Meta’s UniBench framework introduced a unified method for evaluating visual reasoning. The framework integrates over fifty benchmarks covering spatial understanding, compositional reasoning, and counting. Through its evaluation of nearly sixty vision-language models, Meta’s research revealed that scaling up data and model parameters improves perception but not reasoning. Even the most advanced models struggled with simple tasks such as recognizing digits or counting objects.

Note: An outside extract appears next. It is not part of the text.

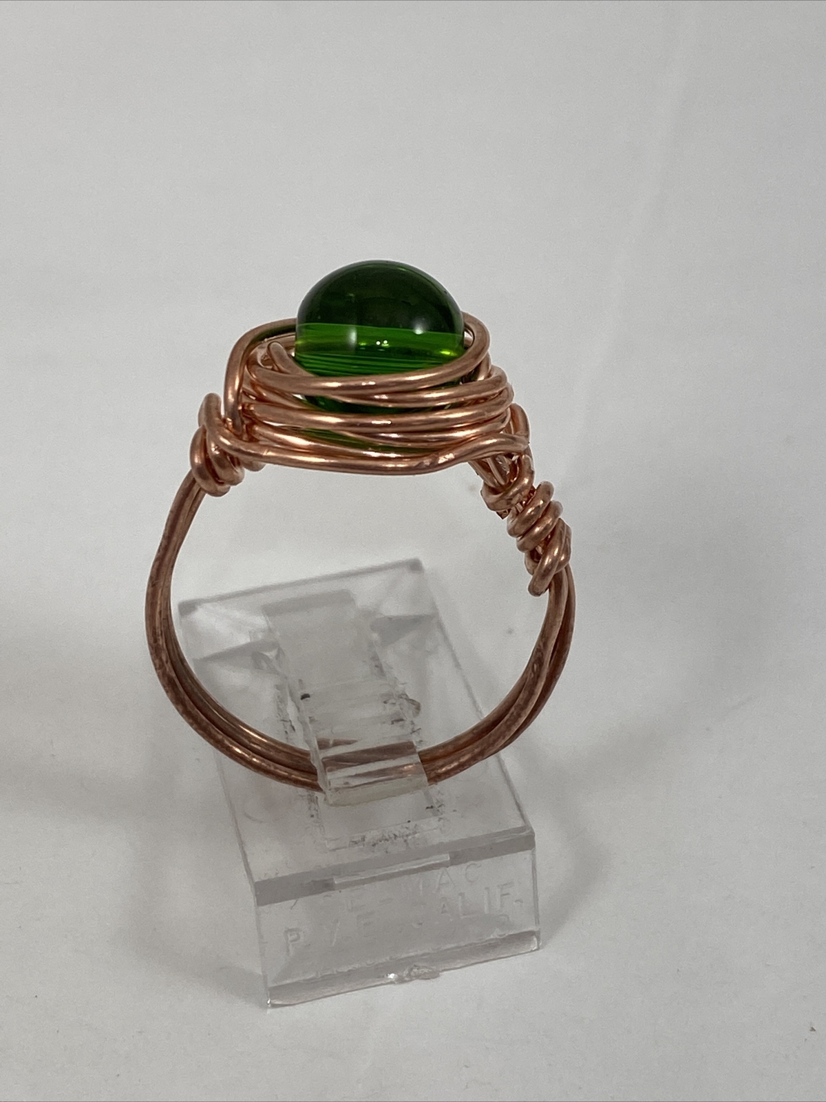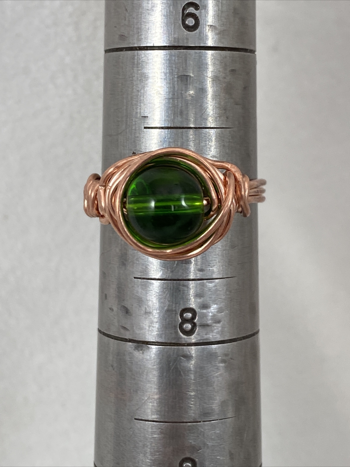 Handmade Copper Wire Wrap Green Glass Bead Ring Size 7 142
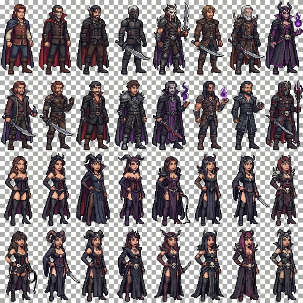 "I need a 1024x1024 sprite sheet with transparent background that consists of 32 frames, 8 columns and 4 rows of 128w x 256h sprites. These are to be Hi-res pixel art adult film star fantasy villains, full view and characters should be facing to the right. We want lots of diversity and flavor. 16 males and 16 females to keep it even."

This insight reshaped how progress in visual reasoning is measured. The findings suggest that improvements require better data quality, targeted objectives, and structured learning, rather than simply larger models. For businesses, UniBench provides a transparent way to assess reasoning performance across various types of multimodal tasks, helping them compare tools before deployment.⁴

Figure 2: The graph shows the median performance of 59 VLMs on 53 benchmarks, revealing that, despite progress, many models still perform near-chance level, particularly on tasks like Winoground, iNaturalist, DSPR, and others (blue: zero-shot median; grey: chance level).⁵

OpenAI

OpenAI advanced the field further with the o3 and o4-mini models, which introduced the ability to think with images. These models integrate image manipulation directly into their reasoning process. During analysis, they may zoom in, crop, or rotate an image to focus on the lower part of a figure or examine specific patterns. This dynamic exploration reflects how humans adjust their visual attention when analyzing diagrams or drawings.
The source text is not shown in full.